§ **What you should do**:
Retype the material that follows exactly, limited to the lines from the one with "Verzeichnis MPDR-Lager für" through the one with "相比于我國東部地區(qū),喀納斯的春天", and keep out all pictures.
Segment Start: Data to use
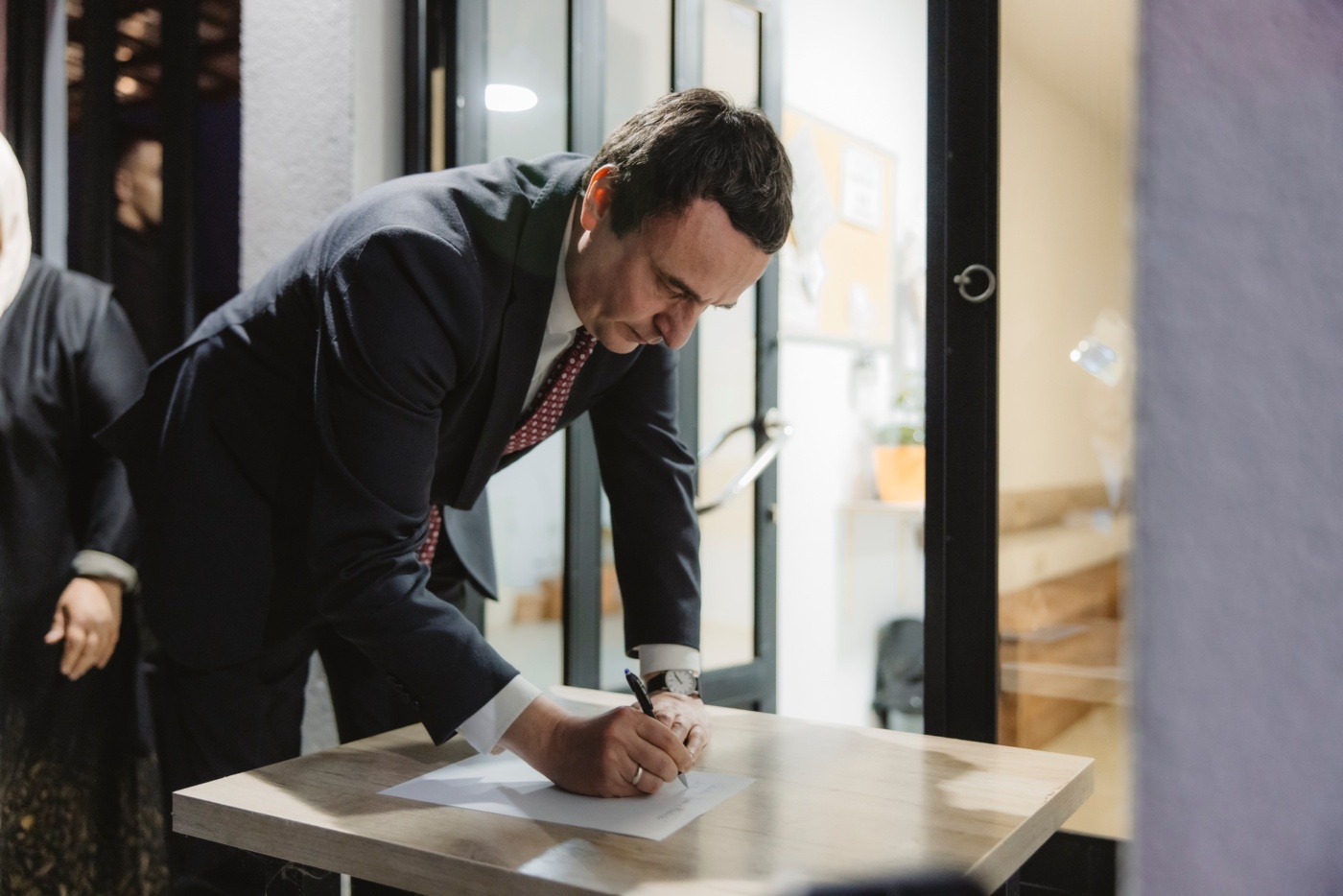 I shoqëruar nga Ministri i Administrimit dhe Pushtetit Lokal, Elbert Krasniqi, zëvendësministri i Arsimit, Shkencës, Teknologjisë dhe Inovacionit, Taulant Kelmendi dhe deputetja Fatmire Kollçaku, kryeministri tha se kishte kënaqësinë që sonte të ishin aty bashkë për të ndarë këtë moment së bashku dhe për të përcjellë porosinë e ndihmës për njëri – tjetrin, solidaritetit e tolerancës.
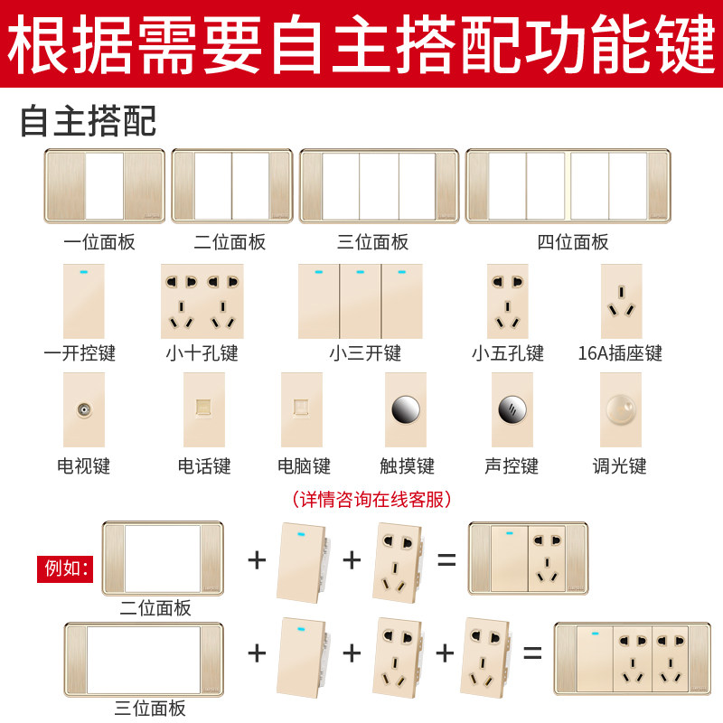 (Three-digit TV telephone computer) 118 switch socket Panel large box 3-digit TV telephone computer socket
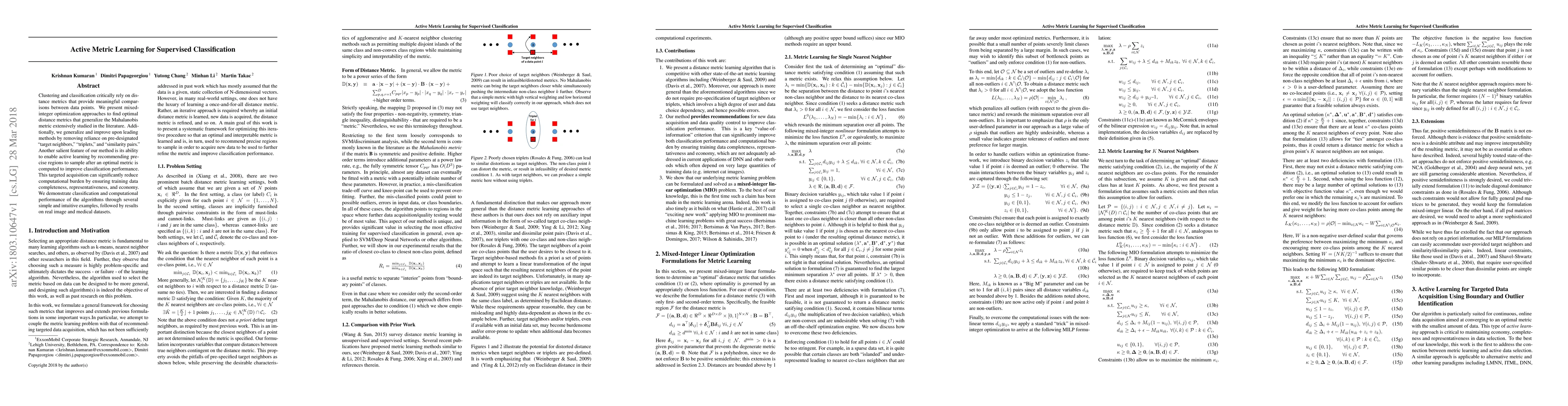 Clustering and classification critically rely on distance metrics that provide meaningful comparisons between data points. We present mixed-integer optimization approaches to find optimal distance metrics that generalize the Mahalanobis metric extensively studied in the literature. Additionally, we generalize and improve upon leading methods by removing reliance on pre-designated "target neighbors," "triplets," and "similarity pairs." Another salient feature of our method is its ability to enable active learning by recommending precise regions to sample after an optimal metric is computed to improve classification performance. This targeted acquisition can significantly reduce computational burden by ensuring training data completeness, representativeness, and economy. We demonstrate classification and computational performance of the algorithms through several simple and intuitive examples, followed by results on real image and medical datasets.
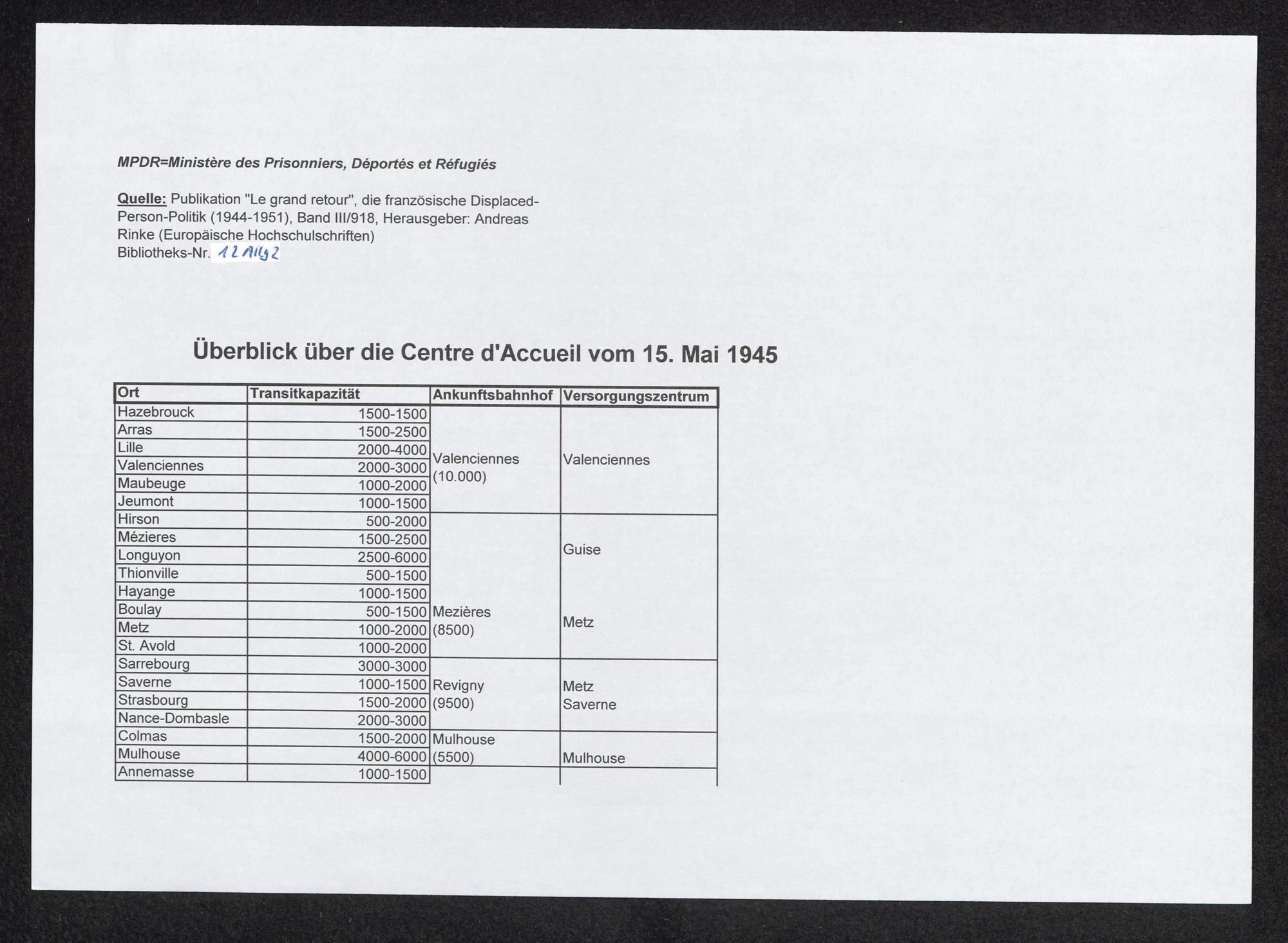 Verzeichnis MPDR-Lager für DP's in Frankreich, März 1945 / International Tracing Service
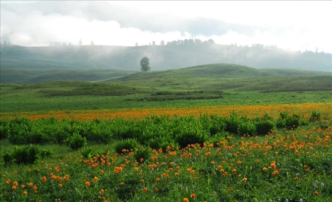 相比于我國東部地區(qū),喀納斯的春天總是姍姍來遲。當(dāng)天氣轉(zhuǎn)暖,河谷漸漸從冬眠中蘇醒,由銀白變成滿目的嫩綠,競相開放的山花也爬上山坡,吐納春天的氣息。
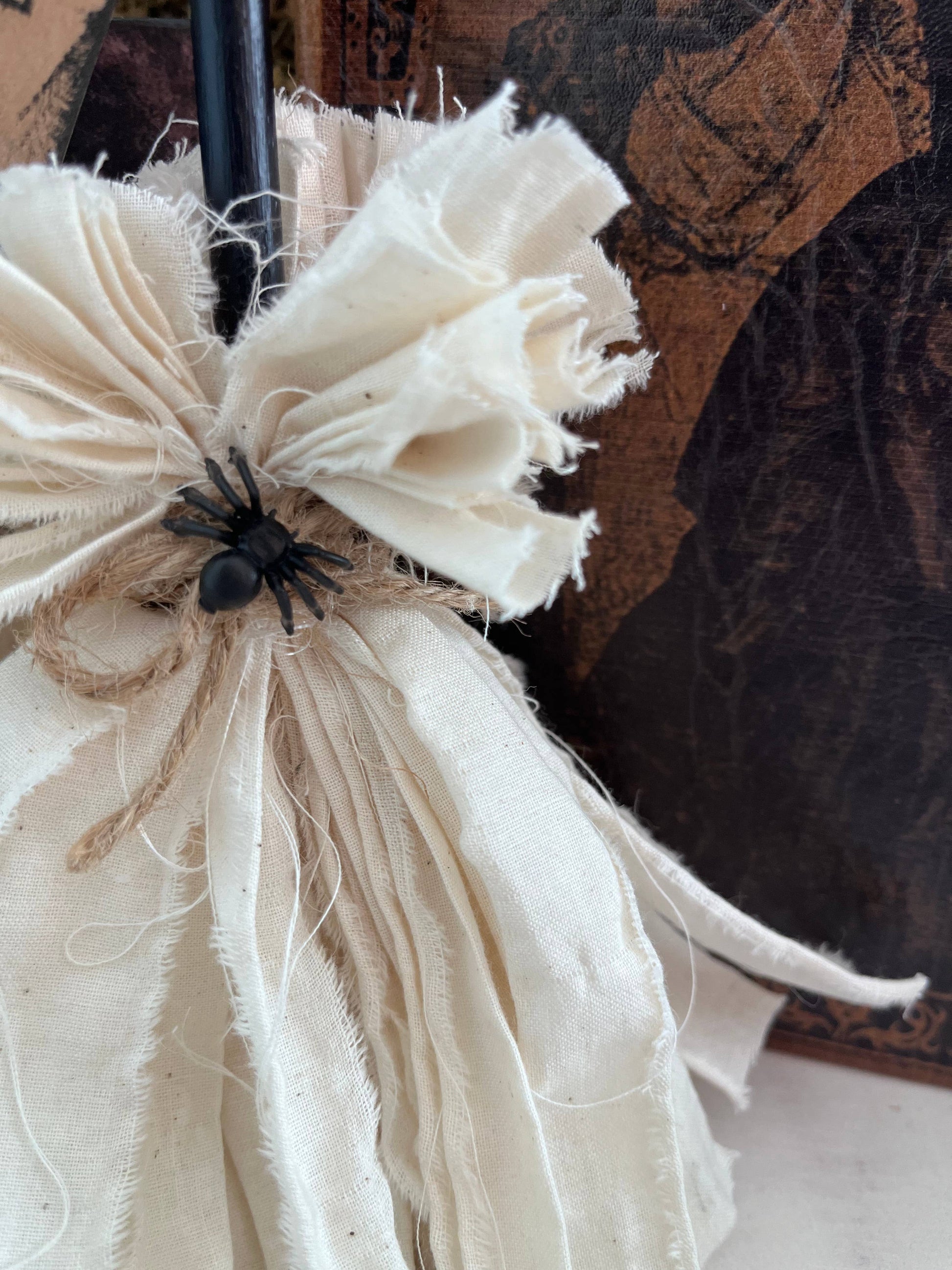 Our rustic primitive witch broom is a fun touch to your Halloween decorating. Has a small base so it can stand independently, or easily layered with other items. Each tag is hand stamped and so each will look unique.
Segment End: Data to use
§ **Exercise response**:
 Verzeichnis MPDR-Lager für DP's in Frankreich, März 1945 / International Tracing Service
 相比于我國東部地區(qū),喀納斯的春天總是姍姍來遲。當(dāng)天氣轉(zhuǎn)暖,河谷漸漸從冬眠中蘇醒,由銀白變成滿目的嫩綠,競相開放的山花也爬上山坡,吐納春天的氣息。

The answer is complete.